Era um daqueles domingos bobos com
gosto de sol quente e cheiro de comida de mãe, ou de sogra ou de avó. Nada que
a cidade oferecesse de quase interessante nos faria mudar de ideia em relação a
pegar a estrada e ir contra o vento. Quando se faz um pacto para viver, devemos
experimentar todas as sensações e tudo o que o mundo tem para nos ensinar. Eu
já havia sentido vontade de comer coisas que não eram feitas para tal, como
cortinas, bóias e giz de cera. Cores em geral. Já o geólogo, não sei. Ignoro se
presenciei sua primeira vez em comer algo de tão difícil digestão ou se era
costumaz que fizesse isso. Talvez a segunda opção, já que o fez muito espontaneamente
e de bom grado. “Vamos comer pedras”, foi o que o ouvi dizendo. Comer pedras
justo hoje que tenho vontade de comer comida? A comida da mãe dele... O que
será que ela tem de especial? Digo a comida, não a mãe dele. “O quê?” –
pergunto. “Vamos coletar pedras”. Ah! Coletar pedras! Coletar! Não comer,
coletar! “Vamos a campo, a gente pega a moto e vai coletar algumas amostras,
isto é, se você quiser”. Se eu quero? Se eu quero? Quem não iria querer ir para
a beira de um barranco no meio da estrada catar pedras em um domingo
ensolarado? “Claro que quero”.
Um convite para coletar amostras
havia me sido feito duas horas antes de me encontrar na situação de Tiradentes
moderno. “Tenta com isso”. O geólogo me passa a talhadeira. “Bate o martelo
nela e ela na junção do dente com o osso”. Que ideia genial! Assim como o
diretor de cinema tem uma câmera, o pintor tem um pincel, o escritor tem uma
caneta, o geólogo tem uma talhadeira, que funciona juntamente com o martelo
geológico fêmea. Isso mesmo. Mar-te-lo-ge-o-ló-gi-co-fê-mea. Admito ser um nome
um tanto quanto estranho para uma ferramenta tão simples. Mas já que a situação
também não era lá muito trivial, aceitei de bom grado dar umas boas marteladas
na talhadeira com o martelo geológico fêmea. Isso não me impediu de sentir uma
pontada de ciúmes, visto minha condição de mulher no mundo em que tudo é luta e
conquista, ainda tenho que disputar o amor de um homem com um martelo. Ou
melhor, uma martela!
E mais uma vez em um curto espaço de
minutos, sinto mais um fio de saliva escorrer pelo canto de minha boca, ao ver
o belo exemplar que o geólogo tirou do nada, ou melhor, do barranco. Era uma
daquelas não muito duras, não muito moles, querendo virar terra... “Achei a
amostra que eu estava procurando”. Isso! Amostra. Naquele momento me senti como
um daqueles dependentes químicos para os quais todo dia é uma luta, e um único
estímulo faz tudo desabar. Passei a língua pelos dentes e senti as restaurações
não muito bem feitas, realizadas por um odontologista que não teve a
curiosidade de perguntar como eu os havia quebrado daquele jeito. E, diga-se de
passagem, me cobrou um precinho camarada e acabou me contando alguns
segredinhos de alcova guardados naquele consultório. Ainda faço visitas ao
dentista, mas não para restaurar os dentes.
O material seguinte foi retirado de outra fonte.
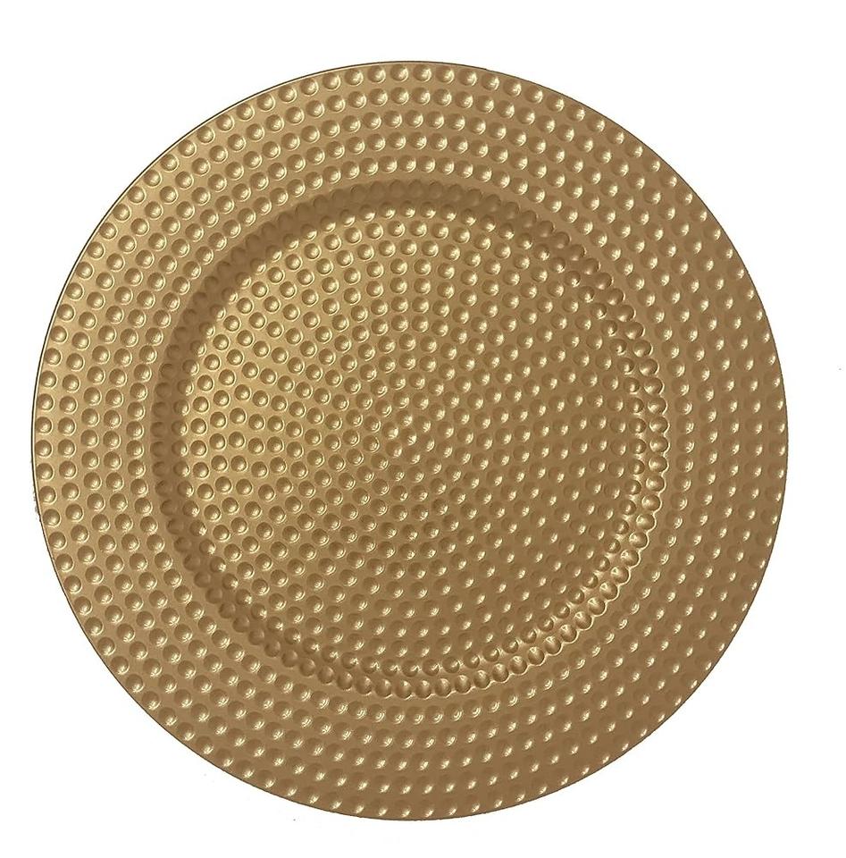 Plato Base Metálico Dorado con Acabado Martillado para Restaurantes y Fiestas, Vajilla al por Mayor, Plato Base Metálico Personalizado

Amostra. Aquilo mais me parecia um
banquete. Um banquete sinestésico em que uma simples visão despertava em mim
aquele gosto amargo na boca. Minto! Um azedo que retorcia meu rosto e coçava
minhas gengivas. Não, não! O doce mais doce que qualquer poema apaixonado. “Que
bonita” – eu disse. “Parece boa. Qual será o gosto?” Para a minha surpresa, o
geólogo levou a amostra à boca e deu-lhe uma lambida canina. “Tem gosto de
pudim”. Ao ouvir tal resposta, senti por todo meu corpo uma excitação
avassaladora. Não sabia se pela doçura que a pedra apresentava ou se pela
cumplicidade que ele me apresentava. “É doce” – pensei ou disse, já não sei. “E
ele também... Ele também é assim.” Deixei cair as ferramentas geológicas
femininas e considerei terminado o ofício de extração dentária de bovinos. Indo
em direção do geólogo, só tinha olhos para a pedra-pudim. Que antítese de
botequim. Pedra-pudim! “Deixa eu experimentar”. O geólogo me passou a amostra e
eu a manuseei com todo o cuidado. Ao sentir sua textura em minhas mãos, me vi
num dèja-vu alucinante em que sons, imagens, odores e sensações se misturavam
em uma louca sinfonia de cores e sabores que dançavam por minha cabeça.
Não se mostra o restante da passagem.